Why do sets have their members essentially?

It is often said that sets have their members essentially. Why? Normally the finger gets pointed at the axiom of extensionality which says that two sets that have exactly the same members are equal. The axiom of extensionality does not seem to imply by itself that sets have their members essentially. Consider a set theory without ur-elements (i.e., every member of a set is itself a set). Suppose that in the actual world there are two sets, Bob and Jane, where Bob is has no members and Jane's only member is Bob. Then imagine that in every other worlds all the sets are exactly like in the actual world, except that Jane has no members and Bob has Jane as its only member. I do not see—though I could be missing something—how this violates any of the axioms of set theory. If the axiom of extensionality were extended to a transworld context (if A in w1 has the same members as B does in w2, then A=B), we would get a contradiction, but the axiom of extensionality is an intraworld axiom.

But nonetheless I have reason to think that sets have their members essentially if the axiom of extensionality is correct, namely that what seem to me to be the two most plausible intuitive kinds of reasons to think sets need not have their members essentially conflict with the axiom of extensionality. We can argue for this by considering paradigmatic cases of the two reasons.

First kind of reasons: Losing members. Let S be the set { Quine, Wittgenstein, Socrates }. Then, the intuition goes, in a world w* where Quine never comes into existence, S only has two members, namely Wittgenstein and Socrates.

But in the actual world there is also the set T={ Wittgenstein, Socrates }. And we have every reason to think that T will exist in w* and have the same two members there that it actually has. Thus, in w*, the sets S and T have the same members, namely Wittgenstein and Socrates, and so in w* we have S=T. Since identity is necessary, it follows that actually S=T. But that's absurd since s has three members and T has two. So we need to reject

Second kind of reasons: Sets defined by descriptions. Let M be the set of all mathematicians. Intuitively, in a world where Hilbert becomes a biologist instead of a mathematician, M still exists, but Hilbert isn't a member of M. The intuition here is that in every world, or at least every world with mathematicians, M has as its members all and only the mathematicians.

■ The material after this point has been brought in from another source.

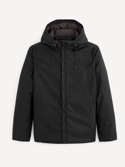 Jednobarevná zateplená bunda s kapucí. Vysoký límec chrání krk před chladem. Stahovací šňůrka k regulaci kapuce. Šikmé boční kapsy a rovný střih.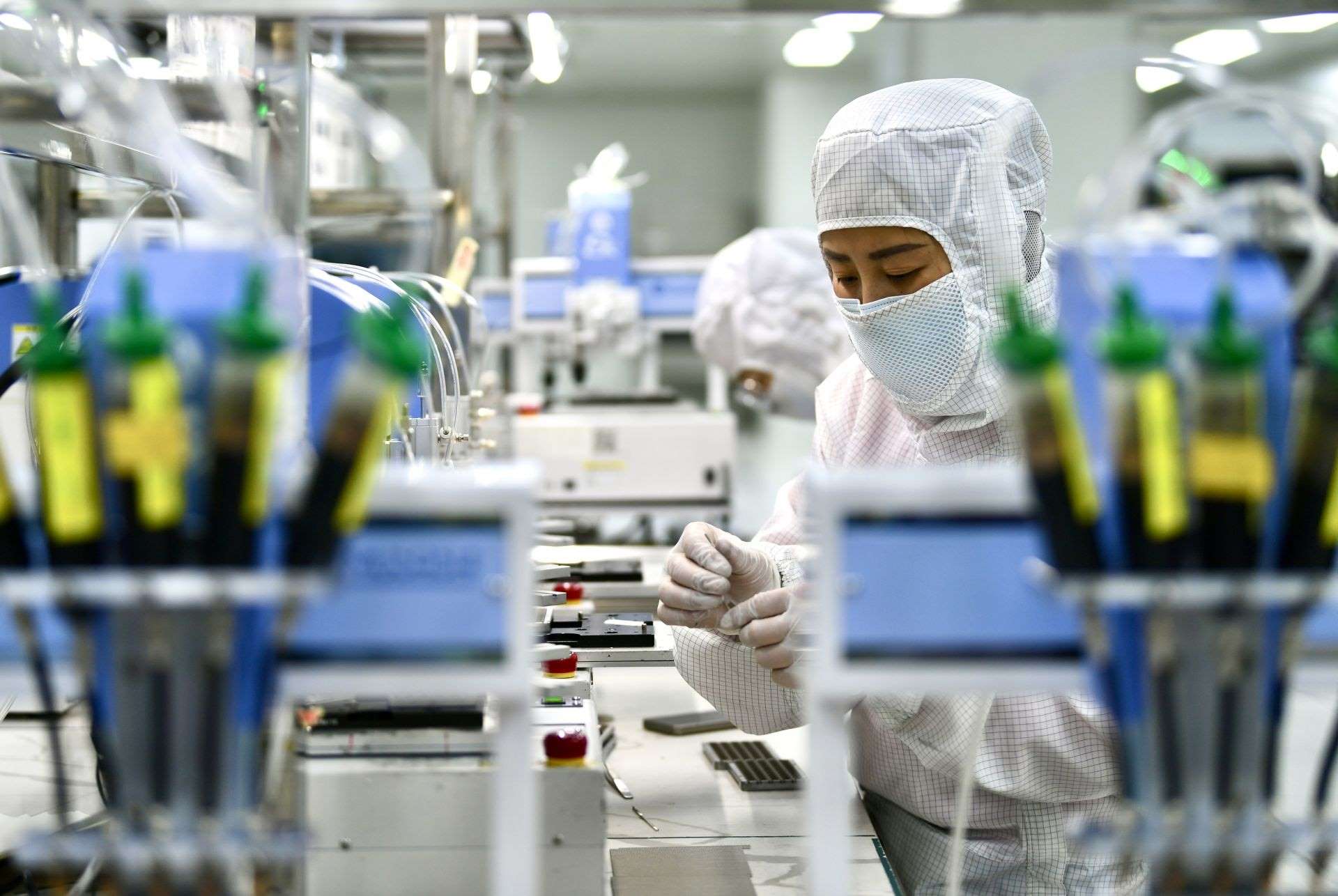 包頭稀土高新區(qū)稀土應(yīng)用產(chǎn)業(yè)園區(qū)內(nèi),包頭江馨微電機(jī)科技有限公司工作人員正在生產(chǎn)線上忙碌。

But by the same token, if B is the set of all biologists, then in every world where there are biologist B will have as its members all and only the biologists. But there is a world where all and only biologists are mathematicians. In that world, then M=B. But since identity is necessary, it follows that actually M=B, and hence that Darwin was a mathematician and Hilbert a biologist, which is absurd.

Maybe you have some other reasons to doubt the essentiality of set membership?

2 comments:

James said...

When you say "identity is necessary," do you mean something like "If A in w1 has the same members as B does in w2, then in every possible world, A=B"? Or perhaps, "then in the actual world, A=B"? I'm not sure how you're reasoning from S=T in w* to S=T in the actual world.

It's somewhat confusing going from sets described according to the possible worlds in which they reside into a statement like "A=B" that lacks any explicit possible world context. It seems like there's a kind of equivocation going on; if A-in-w1 has the same elements as B-in-w2, then isn't it true that A-in-w1 = B-in-w2, even if "A=B" is false? What set is being referred to by "A"?


Isn't it sufficient to say that S=S, and hence the result of S 'losing a member' must be a set different from S, since they contain different members?

Alexander R Pruss said...

I mean: If x=y is true in one world, then x=y is true in every world in which x exists and y exists.

"Isn't it sufficient to say that S=S, and hence the result of S 'losing a member' must be a set different from S, since they contain different members?"

I think not, become the result of S losing a member might not exist in the same world as S does.